[Requirement] Beginning at the line that contains "Work Beautiful Floral" and finishing at the line that contains "The image on", output the data below exactly. Include both end lines and no pictures.

[Provided data]
==*==

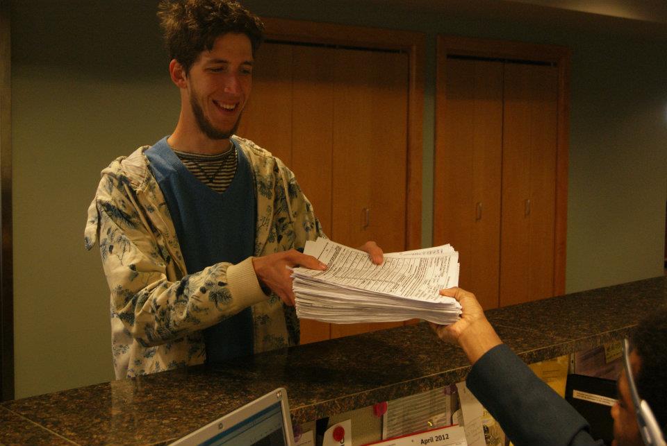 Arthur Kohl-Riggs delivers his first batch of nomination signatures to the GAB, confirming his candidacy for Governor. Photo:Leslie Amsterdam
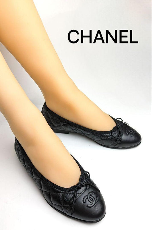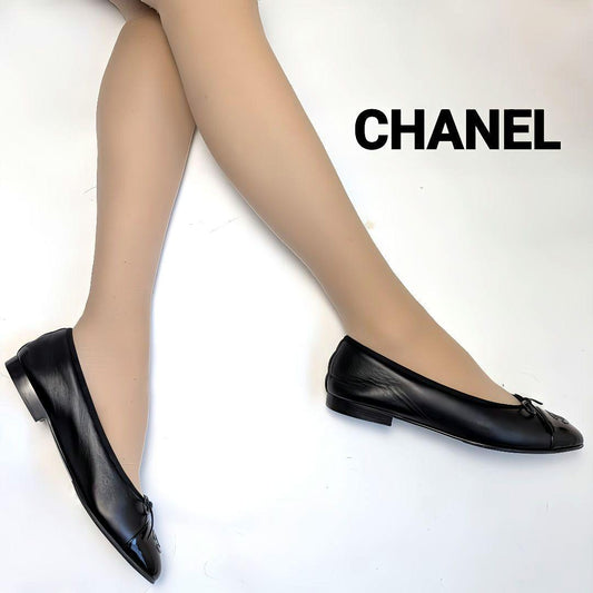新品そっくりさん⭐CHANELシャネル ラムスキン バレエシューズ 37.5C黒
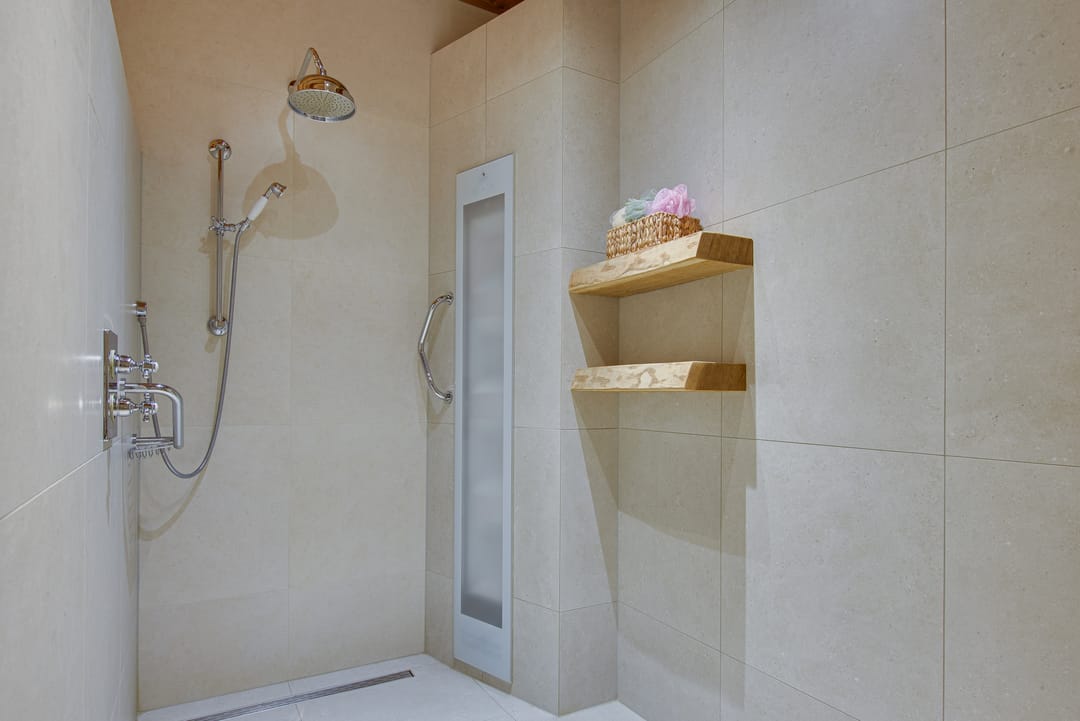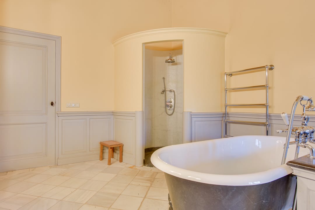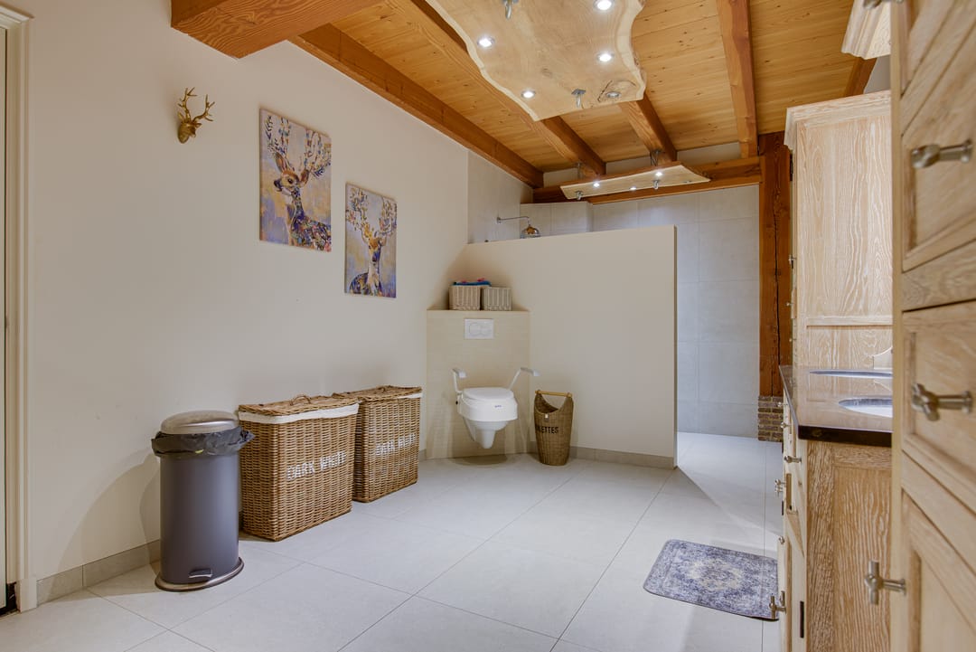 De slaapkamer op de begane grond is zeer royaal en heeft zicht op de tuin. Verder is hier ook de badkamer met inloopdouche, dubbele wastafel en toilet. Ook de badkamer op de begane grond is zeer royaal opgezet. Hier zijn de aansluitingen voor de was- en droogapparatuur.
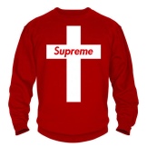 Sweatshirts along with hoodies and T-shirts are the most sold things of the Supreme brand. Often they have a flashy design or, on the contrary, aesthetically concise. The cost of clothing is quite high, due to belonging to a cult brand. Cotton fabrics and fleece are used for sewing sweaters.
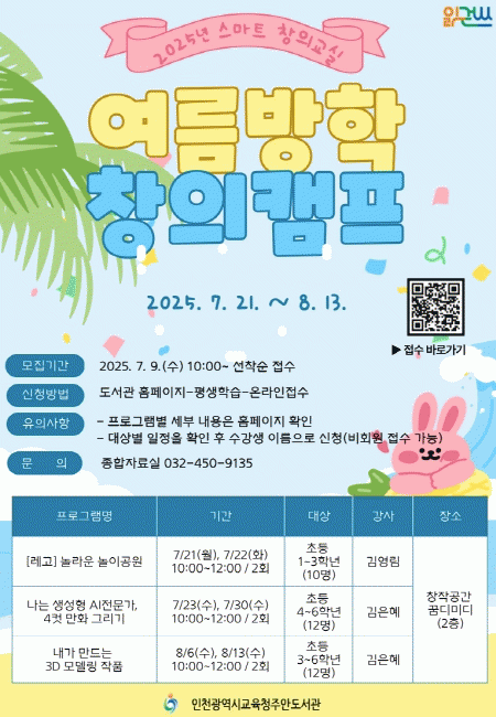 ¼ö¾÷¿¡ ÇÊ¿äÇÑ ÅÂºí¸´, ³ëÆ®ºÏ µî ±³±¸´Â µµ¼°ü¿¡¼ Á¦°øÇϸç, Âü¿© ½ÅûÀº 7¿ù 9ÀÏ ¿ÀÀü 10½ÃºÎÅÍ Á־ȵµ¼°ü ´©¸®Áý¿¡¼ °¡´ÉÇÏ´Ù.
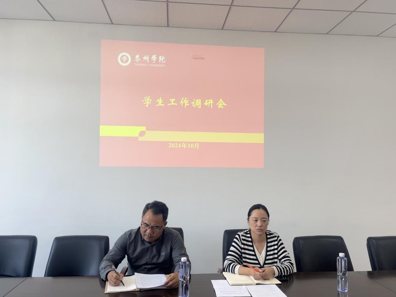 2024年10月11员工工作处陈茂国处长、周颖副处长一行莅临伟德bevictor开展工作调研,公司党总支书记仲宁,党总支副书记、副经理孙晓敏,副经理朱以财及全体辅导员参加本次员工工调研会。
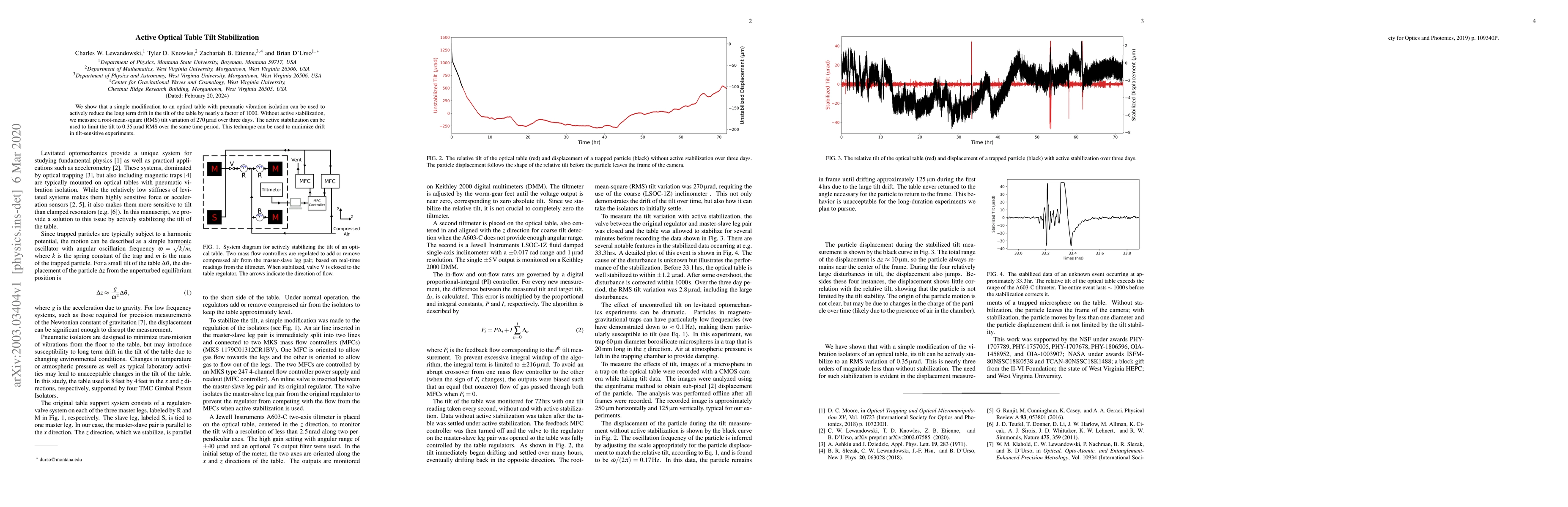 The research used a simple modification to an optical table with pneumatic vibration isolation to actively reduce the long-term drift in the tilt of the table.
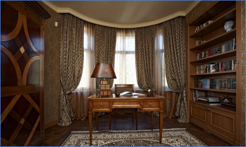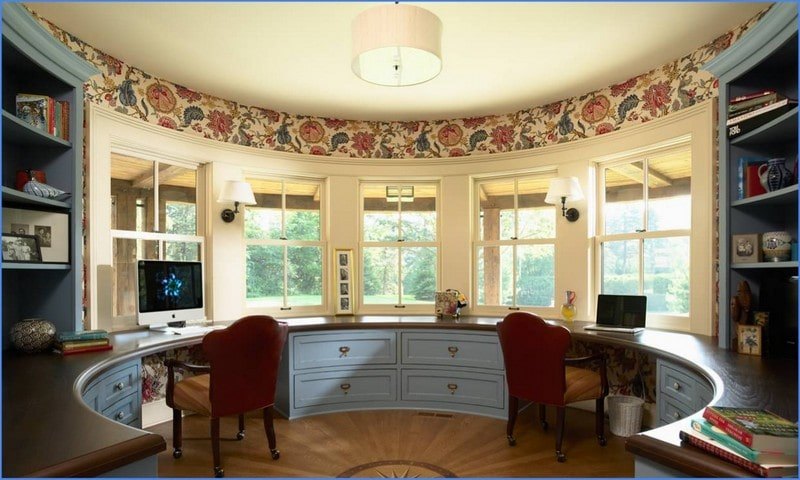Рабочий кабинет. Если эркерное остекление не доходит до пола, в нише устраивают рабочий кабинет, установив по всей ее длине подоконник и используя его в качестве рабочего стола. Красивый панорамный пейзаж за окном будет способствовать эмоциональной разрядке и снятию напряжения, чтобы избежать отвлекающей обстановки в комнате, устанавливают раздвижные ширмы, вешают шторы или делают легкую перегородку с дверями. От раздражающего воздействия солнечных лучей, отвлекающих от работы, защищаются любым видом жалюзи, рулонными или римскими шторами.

==*==

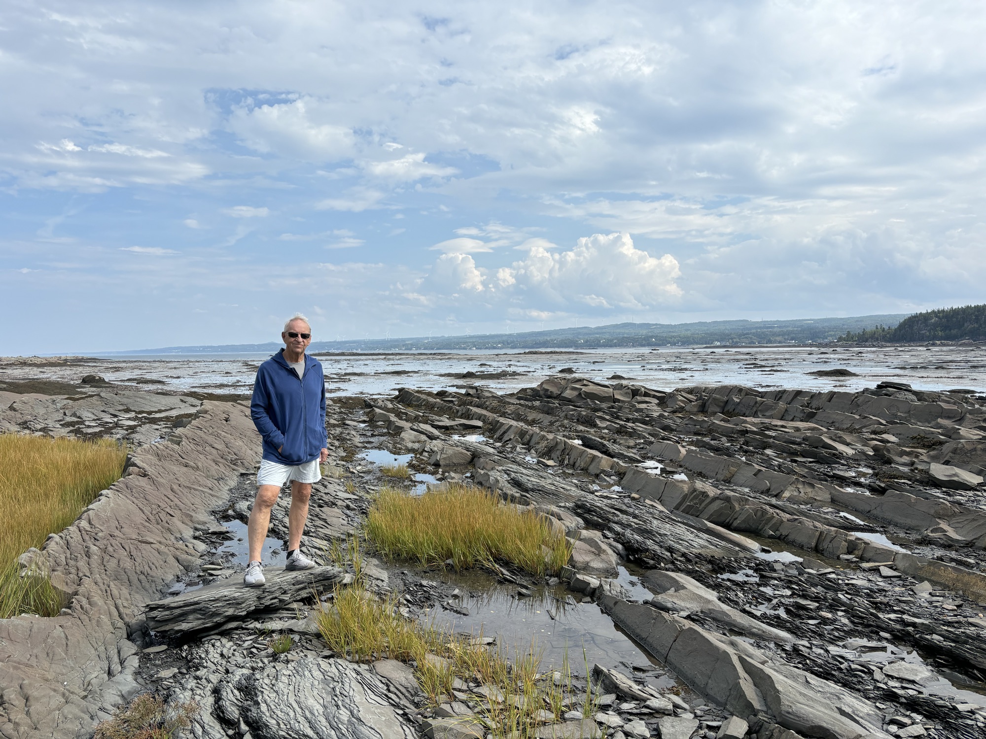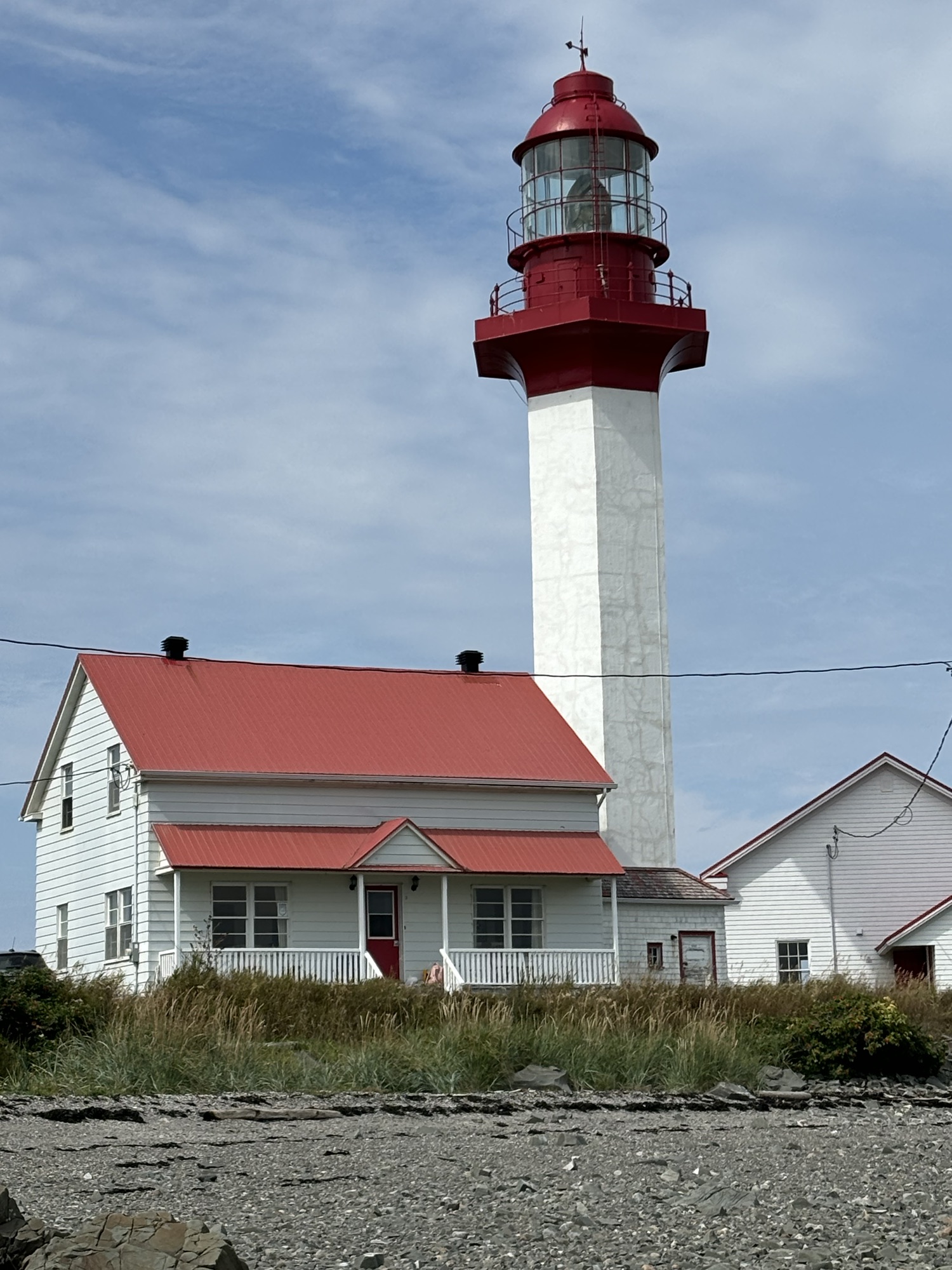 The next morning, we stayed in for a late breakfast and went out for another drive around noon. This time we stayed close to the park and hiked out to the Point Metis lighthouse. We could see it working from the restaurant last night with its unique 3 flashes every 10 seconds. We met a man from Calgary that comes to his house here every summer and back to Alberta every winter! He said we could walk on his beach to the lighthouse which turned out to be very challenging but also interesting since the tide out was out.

==*==

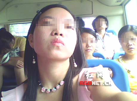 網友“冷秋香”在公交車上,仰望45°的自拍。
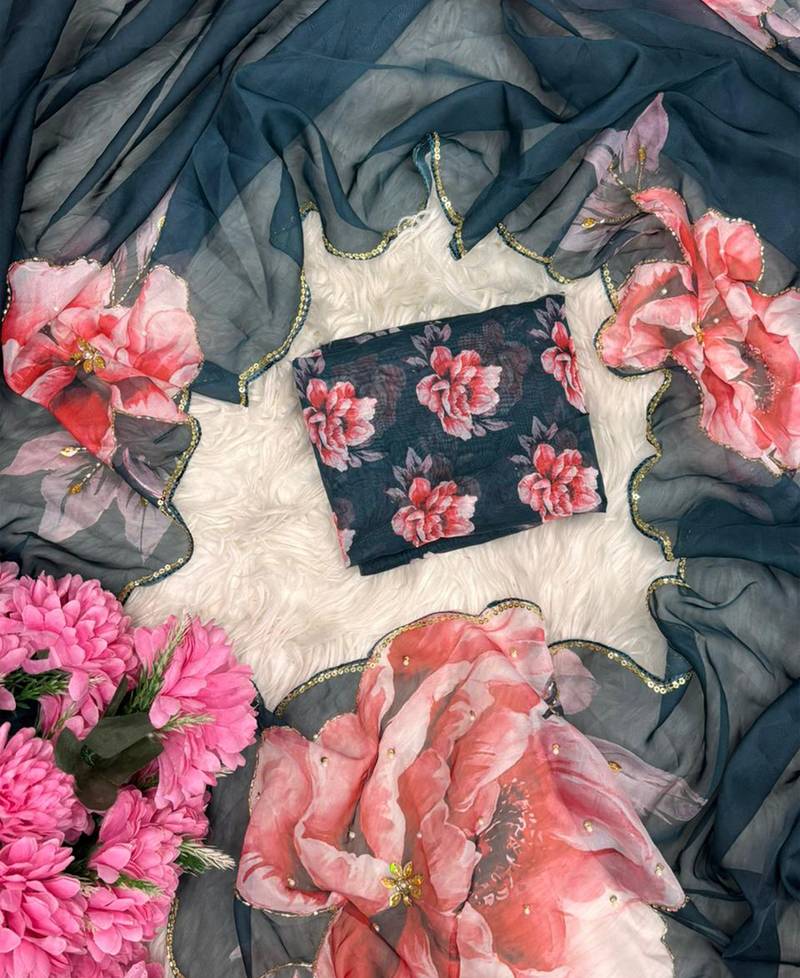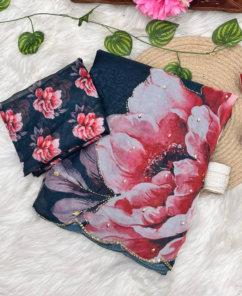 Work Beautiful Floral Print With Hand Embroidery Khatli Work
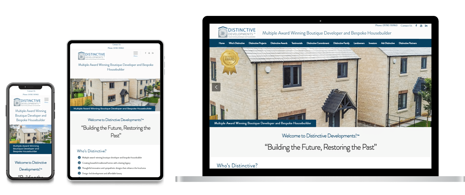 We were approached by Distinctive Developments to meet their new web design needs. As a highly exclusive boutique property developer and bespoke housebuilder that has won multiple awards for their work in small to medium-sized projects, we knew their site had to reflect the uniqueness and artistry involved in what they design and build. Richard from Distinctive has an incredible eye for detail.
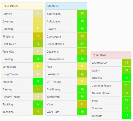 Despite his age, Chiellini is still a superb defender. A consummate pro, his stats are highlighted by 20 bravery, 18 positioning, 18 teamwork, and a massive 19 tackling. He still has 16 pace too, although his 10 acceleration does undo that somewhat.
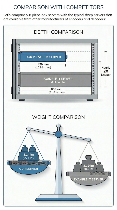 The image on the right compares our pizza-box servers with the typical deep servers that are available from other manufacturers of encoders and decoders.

==*==

[Solution to the exercise]
 Work Beautiful Floral Print With Hand Embroidery Khatli Work
 We were approached by Distinctive Developments to meet their new web design needs. As a highly exclusive boutique property developer and bespoke housebuilder that has won multiple awards for their work in small to medium-sized projects, we knew their site had to reflect the uniqueness and artistry involved in what they design and build. Richard from Distinctive has an incredible eye for detail.
 Despite his age, Chiellini is still a superb defender. A consummate pro, his stats are highlighted by 20 bravery, 18 positioning, 18 teamwork, and a massive 19 tackling. He still has 16 pace too, although his 10 acceleration does undo that somewhat.
 The image on the right compares our pizza-box servers with the typical deep servers that are available from other manufacturers of encoders and decoders.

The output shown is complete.